Source: Microsoft | CNCF | Developer Report | SiliconANGLE

KubeCon Europe 2026 (Amsterdam, March 23–26) is in full swing and producing significant AI infrastructure announcements beyond Dapr Agents v1.0 (covered yesterday). Microsoft announced AI Runway, a new open-source project introducing a common Kubernetes API for inference workloads. It ships with a web interface for model deployment, built-in HuggingFace model discovery, GPU memory fit indicators, and support for runtimes including NVIDIA Dynamo, KubeRay, and others. For platform teams juggling multiple inference runtimes, AI Runway provides a single abstraction layer — rather than writing custom operators for each runtime.

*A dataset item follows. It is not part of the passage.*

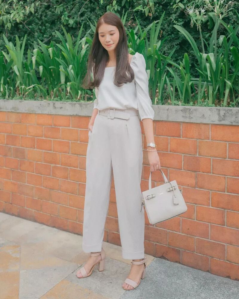 只要是褲裝搭配,tricia就一定會套用這個公式。只要注意褲子選高腰款式,即使搭配平底鞋也能看起來很高挑。
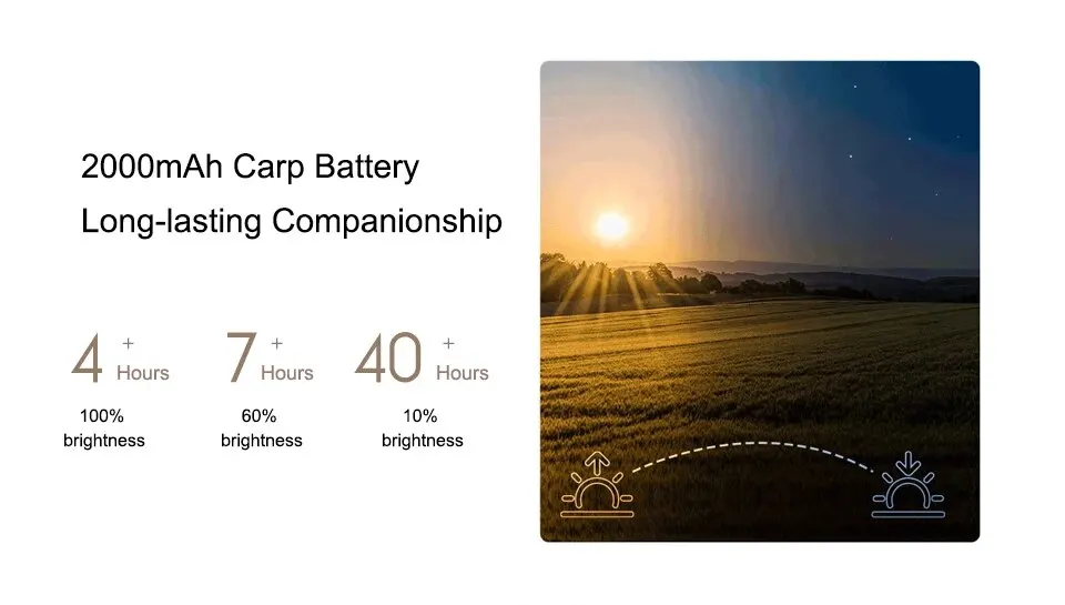 With a high-capacity 2000mAh battery, the lowest brightness setting provides a continuous runtime of over 40 hours*, ensuring resilience against dormitory power outages and offering enduring, bright companionship.

HolmesGPT joined the CNCF as a Sandbox project, bringing agentic troubleshooting capabilities into the shared cloud-native tooling ecosystem. The CNCF also nearly doubled the number of certified Kubernetes AI platforms in its conformance program, with stricter v1.35 requirements now codified as Kubernetes AI Requirements (KARs) — essentially standardizing what “AI-ready Kubernetes” means across vendors. The CNCF/SlashData developer survey reports 19.9 million cloud-native developers globally, with 7.3 million AI developers now building on cloud-native infrastructure, confirming that AI workloads are increasingly Kubernetes-native by default.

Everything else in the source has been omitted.